It doesn't show ill-logic because to do that he would have to have a complete exegetical theology of prayer (in other words, that one passage would have had to be the ONLY passage to deal with on the issue) - which is WHY it is satire (nonsense). Instead, he did a simple "exegetical" idea into ONE passage, and came up with a fun story to read, but has no bearing whatsoever on the EP argument.

Again, the "satire" was funny, but not remotely biblically attainable.

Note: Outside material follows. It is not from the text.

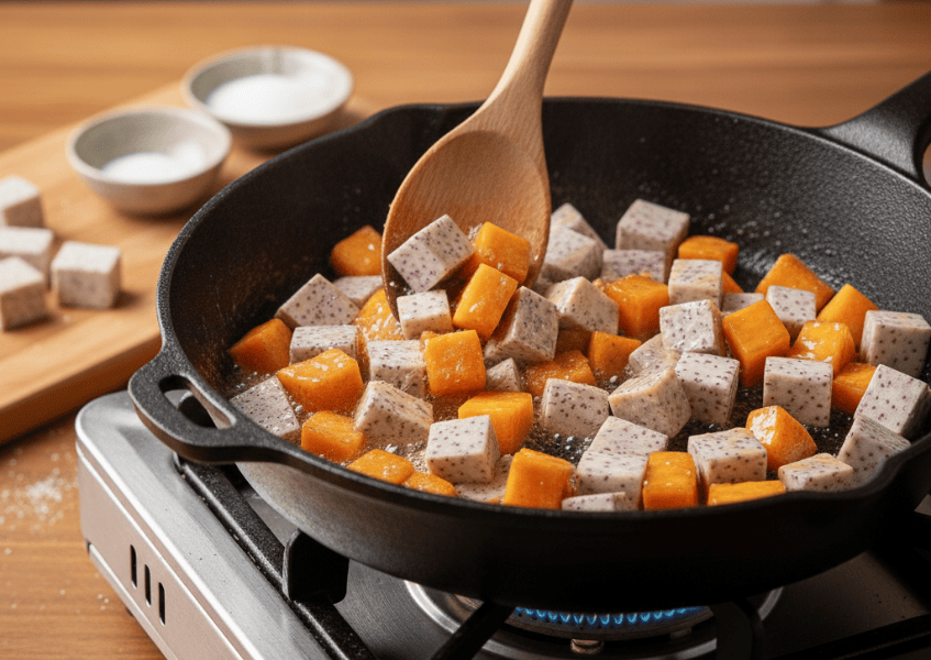 - Khoai củ: Thái hạt lựu. Xào sơ khoai lang, khoai môn với 2 muỗng canh đường để khoai thấm ngọt và không bị nát khi nấu.

In other words, exegetes do not have to deal with it because it is fiction.


----------



## doulosChristou (Aug 1, 2005)

> _Originally posted by webmaster_
> 
> A+ for effort though.



Thanks!



> _Originally posted by webmaster_Mocking, though, is not nice.
> Job 12:4, "I am as one mocked of his neighbour."
> Romans 13:9, "You shall love your neighbor as yourself."



A bit of friendly teasing, but no mocking or scoffing directed at you, brother.


----------



## C. Matthew McMahon (Aug 1, 2005)

No problem brother.


----------



## toddpedlar (Aug 1, 2005)

> _Originally posted by webmaster_
> You're not comparing apples and oranges, you're satiring apples, spaghetti and sushi.



For a minute there, I thought you were going to let loose with some verse quoted from the Apocryphal Prophecy of Jacque Pepin, which some interpret as "food, food, and food"...

Todd


----------



## LawrenceU (Aug 1, 2005)

Hee, hee, hee


----------



## C. Matthew McMahon (Aug 1, 2005)

> _Originally posted by toddpedlar_
> 
> 
> > _Originally posted by webmaster_
> ...


----------



## pastorway (Aug 1, 2005)

that is the most clever thing posted in a long while.....

thanks!

I do hope though that none of our resident keyboard theologians adopt this new doctrine after accepting your hermeneutic.......I really do not want to get into that argument!



[Edited on 8-2-05 by pastorway]


----------